Now researchers at Oregon State University are taking a new approach to assessing drug use that could potentially transform the government's understanding of America's drug problem. In small samples taken from untreated community sewage plants in six major cities, lead researcher Jennifer Field has been identifying and analyzing chemicals the body produces after breaking down substances like marijuana, cocaine, ecstasy and heroin. This method, first used by Italian scientists to gauge regional cocaine use, allows researchers to analyze data within hours, tracking drug use, not over a year's time using aggregated national data, but over a few days' time within a small, defined region. The window of detection is short here too, but if samples are taken frequently enough, you get a long-exposure image of a community's drug habits. Though the science is still relatively new, Field says she hopes to begin working with local police to test the method's accuracy.

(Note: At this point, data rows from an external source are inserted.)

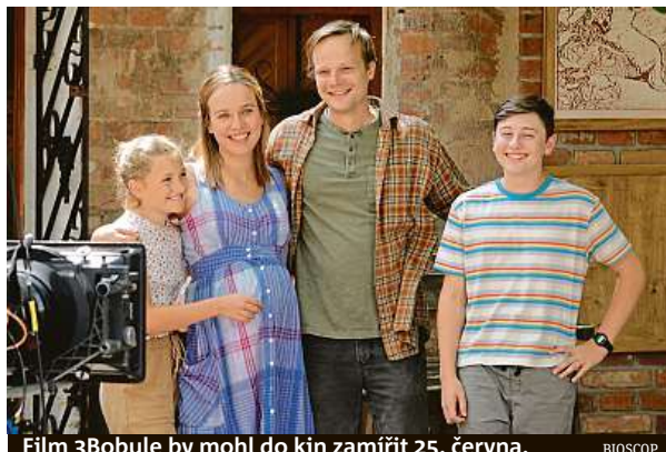
Film 3Bobule by mohl do kin zamířit 25. června. BIOSCOP

Když se v polovině března uzavřely tradiční kinosály, české podnikavé hlavy okamžitě začaly oprašovat americkou klasiku – autokina. K jejich zbudování stačí jen nějaký nevyužívaný prostor jako louka, brownfield či vnitroblok, projektor a vysílač signálu skrze autorádio ve voze. Pandemie koronaviru tak možná do budoucna pomohla autokinům začlenit se i do tuzemského mainstreamu. A to přesto, že si jejich první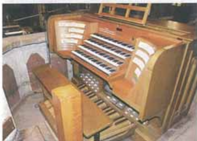
Sviraonik zagrebačkih orgulja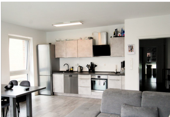
Wohnküche B 1.0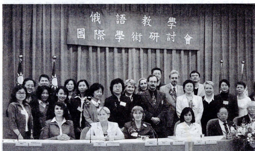
第 4 屆俄語教學國際學術研討會與會人士合影

【文 / 李細梅、高芊珊】文大俄國語文學系暨研究所於 4 月 24 日假曉峰紀念館國際會議廳舉辦「第 4 屆俄語教學國際學術研討會」，會中張鏡湖董事長親臨致詞。外交部曾慶源司長和莫斯科台北經濟文化協調委員會駐台北代表處韋哲康代表 Verchenko 以貴賓身份應邀出席致意。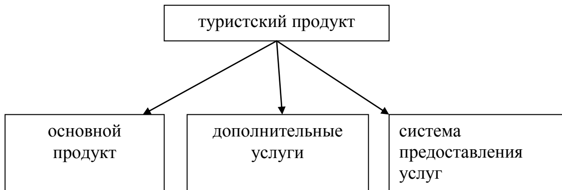
Рисунок 1 - Структура туристского продукта

Главным среди составляющих туристского продукта является основной продукт, который указывает на то, что в конечном счете приобретает турист. Иными словами, за что турист платит деньги и чем занимается туристическая организация.

But even if such testing proves reliable, drug officials must still grapple with society's changing perception of what constitutes a drug and what constitutes abuse. The Department of Justice and the Department of Health and Human Services work together to rank drugs like ecstasy, aspirin and cocaine on a scale of five schedules, or classifications. Cocaine, for instance, is categorized as a "Schedule II" drug because of its medical use as a local anesthetic. (Other Schedule II drugs include morphine, which also poses a high risk for abuse but is recognized as medically useful. Schedule I drugs, like heroin, are considered the most dangerous of all substances.)
Robert Yancey, a program director at a New York City drug clinic called Turning Point, blames the dangerously lax attitude toward cocaine in the 1970s for fueling the drug's popularity — and fostering the crack epidemic of the 1980s. One law enforcement official in Philadelphia says a contemporary analogy is the growing abuse of prescription painkillers, which now ranks second — behind marijuana use — as the nation's most prevalent illegal drug problem, according to the Office of National Drug Control Policy. But in tracking drugs like OxyContin, also known as "hillbilly heroin," officials must first distinguish drug abuse from mere "medical misuse," Compton says. Officials actually had to modify the NSDUH survey after realizing that some methamphetamine users failed to report using the drug because they were taking it with a prescription.
Next year, the federal government will spend more than $12 billion to battle the use and availability of illicit drugs. The fight involves the work of 11 federal agencies, including the State Department, the Justice Department, the Department of Health and Human Services and the Department of Homeland Security. But for all the complexities that come with fighting such a stubborn plague as substance abuse, recovering drug users like Olmo say surveys and statistics can't capture the all-consuming despair of addiction. The war on drugs, he says, "is all about the numbers and money." We're at least now trying to do something about the numbers.